Imperializm krytyczny, czyli Rosjanie o sobie
Pisałem kilka dni temu o Kongresie inteligencji rosyjskiej, podczas którego wielu wybitnych przedstawicieli świata rosyjskiej kultury zaprotestowało przeciwko polityce swojego rządu i eskalacji agresji wobec Ukrainy. Kongres odbija się ciągle echem, niektórzy oporni intelektualiści zaczynają ponosić koszty odwagi – są już pierwsze zwolnienia z państwowych uniwersytetów. Ale gorąca, niezwykle ciekawa debata w rosyjskiej prasie trwa – we wtorek nie mogłem wręcz oderwać się od „Niezawisimoj” (chyba zdecyduję się na taką pisownię), poczynając od wstępniaka: parada tekstów pozwalających wniknąć w złożoność rosyjskiej sytuacji (i jednocześnie złożoność rosyjskiego społeczeństwa).
Zacznijmy więc od owego wstępniaka: skąd bierze się tak wysokie poparcie dla działań Putina? Oto odpowiedź:
Высокие рейтинги подчас куда больше говорят не о самом политике, а о среде, в которой производятся измерения. Путин добился высокой поддержки своей деятельности, сыграв на темах патриотизма, «исторической справедливости», «защиты русских», «преграды для фашизма» и т.д. Это была одна из возможных интерпретаций украинских событий, и в эфире федеральных каналов, контент которых в России потребляет самая широкая аудитория, данная интерпретация фактически была безальтернативной. Серьезной критики официальной точки зрения на центральном ТВ не было. Отсюда и зашкаливающий рейтинг президента.

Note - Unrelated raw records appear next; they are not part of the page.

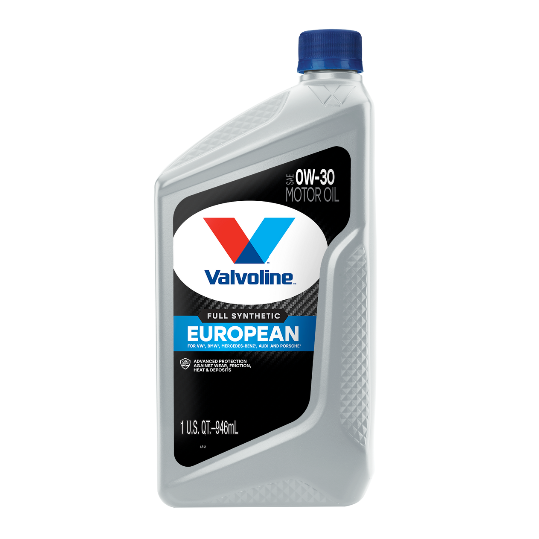 El aceite de motor Valvoline European Vehicle Full Synthetic 0W-30 está diseñado con aceites base sintéticos y aditivos de la más alta calidad, lo que lo convierte en nuestro mejor aceite de motor para cumplir con los rigurosos requisitos de los motores de gasolina y diésel en la mayoría de los autos Audi, BMW, Mercedes Benz, Volkswagen y Porsche. Los antioxidantes superiores de Valvoline resisten la degradación del aceite de motor, y los detergentes adicionales protegen su motor de lodos y depósitos. Ya sea que tenga un sedán, SUV, furgoneta o auto deportivo, Valvoline European Full Synthetic brinda protección avanzada contra el desgaste, el calor, la fricción y los depósitos, las principales causas de averías del motor. La exclusiva fórmula totalmente sintética de Valvoline ayuda a maximizar el rendimiento y optimizar la eficiencia del combustible.
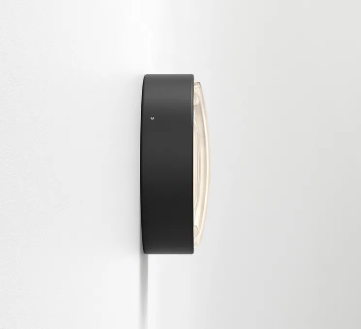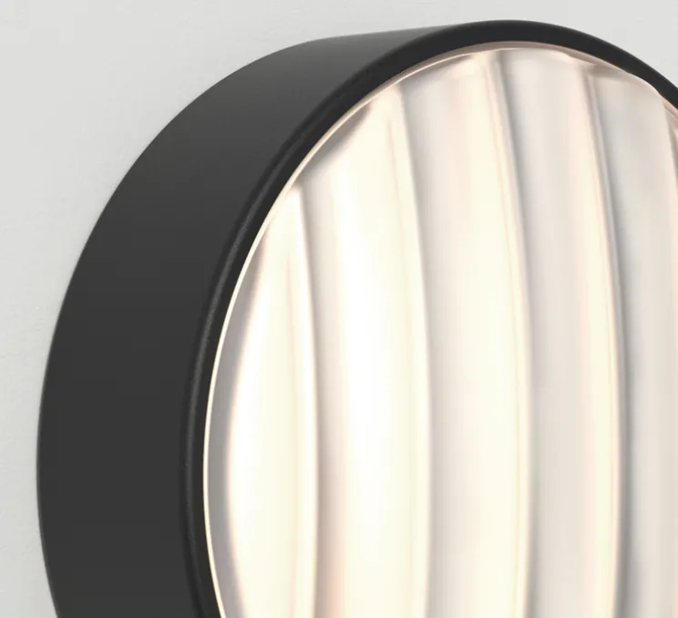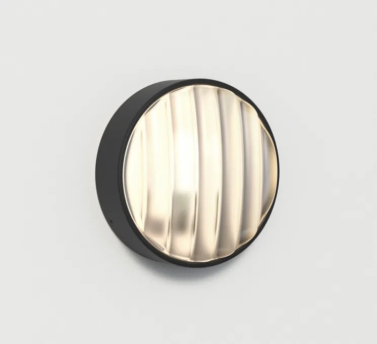 Découvrez l’applique murale d’extérieur Montréal Round 220, finition noir texturé, imaginée par le studio de la maison britannique Astro.
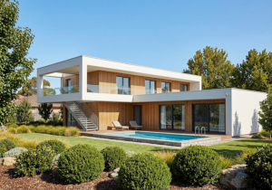 | Plochá střecha domu | Ploché střechy jsou praktičtější, co se týká údržby, opravy komína, čištění odvodňovacích prvků apod. Jednoplášťové ploché střechy jsou výborným prostředkem, jak eliminovat tepelné mosty nosnými prvky střechy (které se často vyskytují u střech šikmých s izolací mezi krokvemi). | Jednoplášťová lepená nebo mechanicky kotvená plochá střecha bez provozu, s hlavní vodotěsnicí vrstvou ze souvrství asfaltových pásů nebo hydroizolační fólie z PVC-P, spádová vrstva vytvořena tepelnou izolací. |
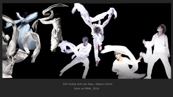 방탄소년단(BTS) 지민의 예술성 높은 퍼포먼스가 한국 전통춤 '살풀이춤'과 결합한 예술 작품으로 재탄생 되어 예술의 전당에서 전시되고 있다.
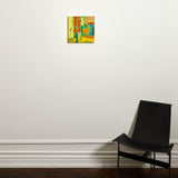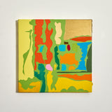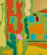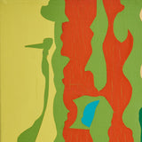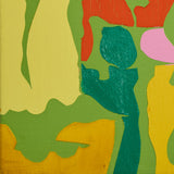 This lively example comes to us on a remarkably intimate scale. Set against a sprawling bright lime backdrop, a hallmark of this series, lie flat, irregular shapes rendered in vibrant shades of tangerine, blood orange, gold, and canary yellow.
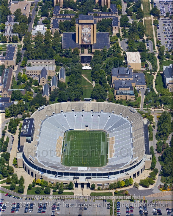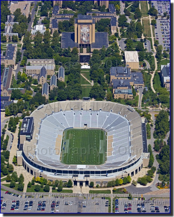 August 26 - September 1, 2013 "College Football Kickoff (It's Good!)" This week we are celebrating the return of college football. It's no secret that we here at Above All - Ohio are huge Ohio State Buckeye fans, but we thought we'd do something a little different this year and feature this cool view of another college sports icon - Notre Dame Stadium. The campus of Notre Dame is in South Bend, Indiana, near the southern end of Lake Michigan. Campus landmarks include the shiny Golden Dome of the Main Administration Building (which is not shown here, but was visible from MANY miles away as we approached the campus!) and the large mural depicting the resurection of Jesus entitled The Word of Life by Millard Sheets. Of course, most people don't know the mural by its proper name -- due to its alignment with the end zone of the football stadium and the depiction of Jesus with His arms stretched towards heaven, most people refer to the mural as "Touchdown Jesus." To view a larger version of this photo, click on it or click this direct link. |
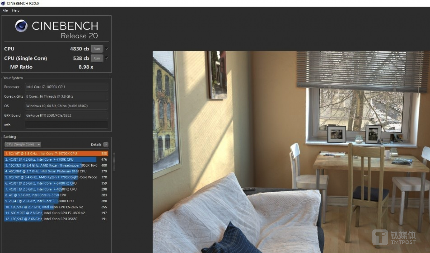 从测试结果我们可以看出,Intel Core i7-10700K处理器多核测试方面,得分为4830cb,单核得分为538cb,这样的得分高出其他主流配置不少,相较于上代同级产品,得益于频率及多线程的加成,不管是单核性能还是多核性能都有明显的提升。
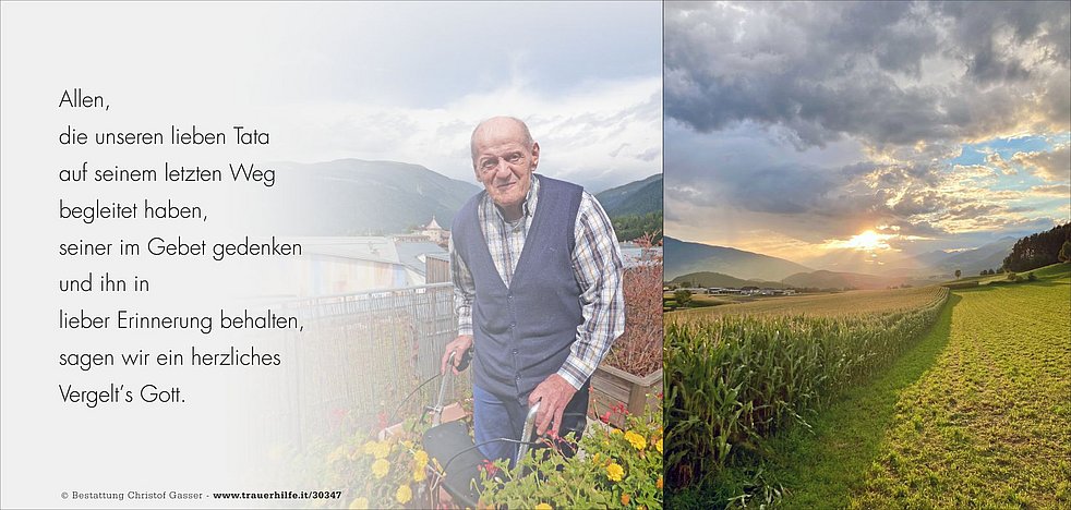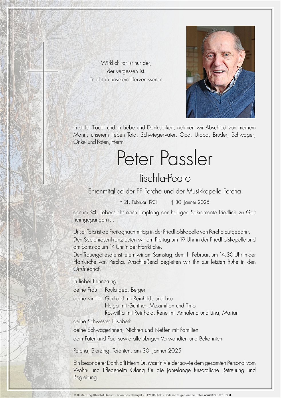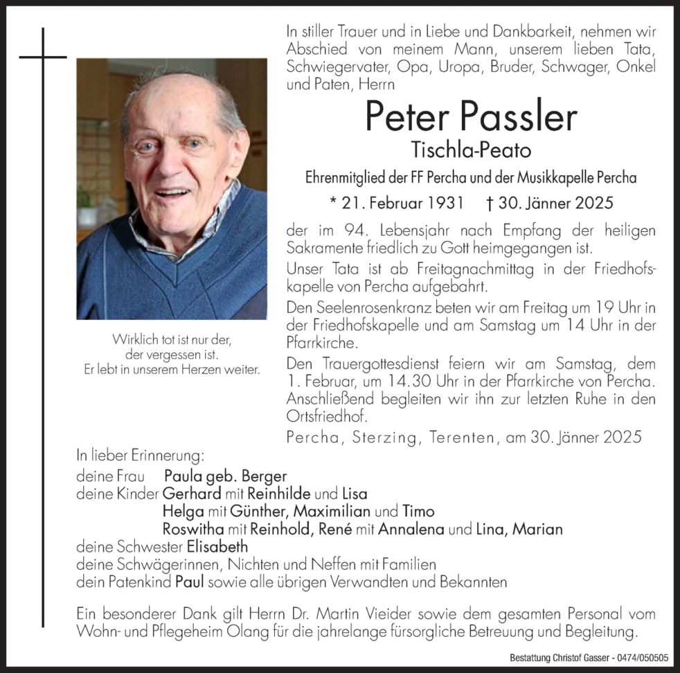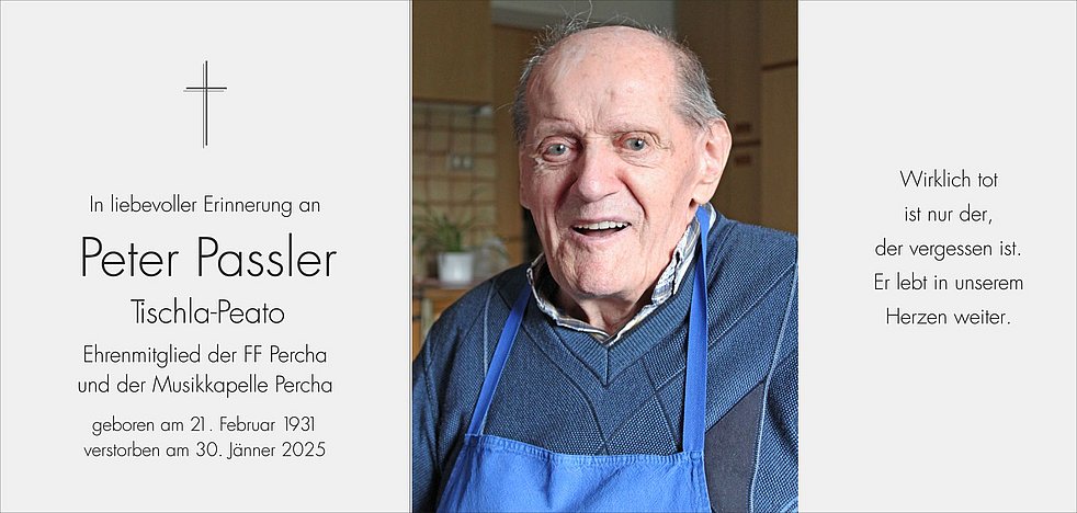 Den Trauergottesdienst feiern wir am Samstag, dem 1. Februar, um 14.30 Uhr in der Pfarrkirche von Percha. Anschließend begleiten wir ihn zur letzten Ruhe in den Ortsfriedhof.
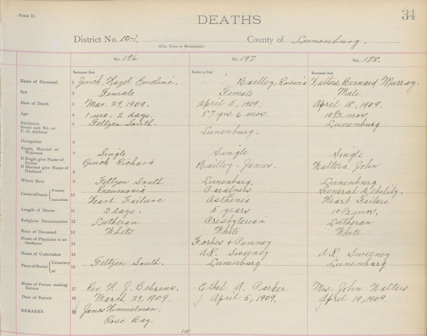 Death Registration: Year: 1909 book: 13 page: 34 number: 196
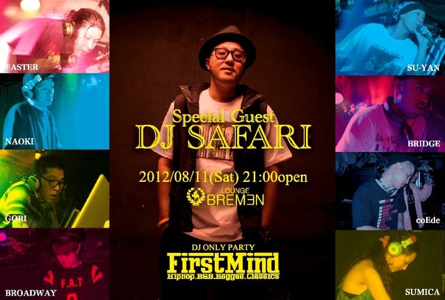 ◆◇◆◇◆◇◆◇◆◇◆◇◆◇◆◇ m-trap Present DJ ONLY PARTY 【First'Mind】 〜HIPHOP/R&B/REGGAE/CLASSICS〜 SPECIAL GUEST 【DJ SAFARI】 ◆◇◆◇◆◇◆◇◆◇◆◇◆◇◆◇ ↓↓↓詳細は下記のとおりです。↓↓↓ 【場所】 @ LOUNGE BREMEN 長野県伊那市御園85-7(R153沿いアイフル上) 【日時】 2012年08月11日(土) 21:00スタート 【入場】 ADV:¥2000(1D) DOOR:¥2500(1D) 《23:00までに入ると?ドリンク》 (フライヤーorMIXI

Zdecydowana większość rosyjskiego społeczeństwa żyje obrazem świata kształtowanym przez kontrolowaną przez państwo telewizję i dostaje jedynie słuszną interpretację rzeczywistości, pozbawioną jakiejkolwiek krytyki. Krytyka w prasie dostępna jest jedynie dla intelektualistów. I dlatego zresztą ciągle jest dozwolona – Niezawisimaja, Nowaja, Wiedomosti mogą krytykować dość swobodnie, ta krytyka i tak nie dociera do większości. Przy czym jest to krytyka ciekawa, roboczo nazywam ją „krytycznym imperializmem”. Rosyjscy publicyści mają świadomość, że nie są Europejczykami, nie są Azjatami, są Rosjanami (jak kiedyś zdefiniował siebie Wiktor Jerofiejew). Mają więc swoją dumę i autonomię myślenia, zakorzenioną słabiej lub silniej w rosyjskim imperialnym kodzie, lecz też wielu z nich zachowuje intelektualną niezależność.
Wtorkowa „Niezawisimaja” jest doskonałą ilustracją. Jest w niej np. rozmowa z ukraińskim medioznawcą i specjalistą w dziedzinie wojny informacyjnej Georgijem Poczepcowem, gdzie rosyjski dziennikarz i ukraiński badacz wzajemnie sobie tłumaczą, dlaczego Ukraińcy przestali rozumieć Rosjan, a Rosjanie Ukraińców – w rozmowie padają wszystkie kwestie: faszyzmu, banderyzmu, imperializmu, stalinizmu etc. Panowie jednak bez emocji, analitycznie, badają struktury rosyjskiego i ukraińskiego dyskursu, a z analizy tej wynika, dlaczego Ukraina odjechała już raczej bezpowrotnie od Rosji. Na wzmocnienie wyniki badań rosyjskiej opinii społecznej pokazujące, jak zmieniało się w czasie rozumienie Ukrainy przez Rosjan. I oto jeszcze na początku listopada ub.r. 81 % Rosjan uważało, że tworzą z Ukraińcami jeden naród. 14 marca myślało tak już 56%, ciągle większość, ale spadek znaczny. Te proporcje doskonale pokazują, na czym polega psychologiczny problem Rosjan z Ukrainą (pisał o tym zresztą kilka tygodni temu Jerofiejew w „Wyborczej”).
Wojnie informacyjnej i propagandzie poświęcono w „Niezawisimoj” więcej miejsca, warto je przestudiować. Największą radość sprawił mi jednak tekst Aleksandra Rubcowa „Między porządkiem i chaosem”, bo stawia podobną tezę, jaką przedstawiłem w swoim wpisie komentującym mowę Putina pa aneksji Krymu: konflikt o Krym i Ukrainę to żaden początek zimnej wojny, to zapowiedź głębokiej wielowymiarowej przemiany. Rubcow w swej analizie stosuje wyrafinowany aparat krytyki lingwistycznej i kulturoznawczej, patrząc na ostatnie zdarzenia jak na triumf postmodernizmu w polityce. Skutkiem jest kompletny chaos, z którego trzeba będzie odbudować nowy, globalny porządek.
Jeśli do tego wszystkiego dołożyć ostatni numer „Nowoj Gaziety” i „Wiedomosti”, po paru godzinach lektury wyłoni się obraz Rosji, jaki trudno zobaczyć w telewizyjnych wiadomościach i o jakim też trudno niestety przeczytać w zachodnich gazetach w kontekście obecnego kryzysu. To inna Rosja niż ta, jaka wyłania się z przemówień Putina, znacznie subtelniejsza, ciekawsza. I co ważniejsze, można z nią dyskutować, spierać się, licząc przy okazji na próbę zrozumienia.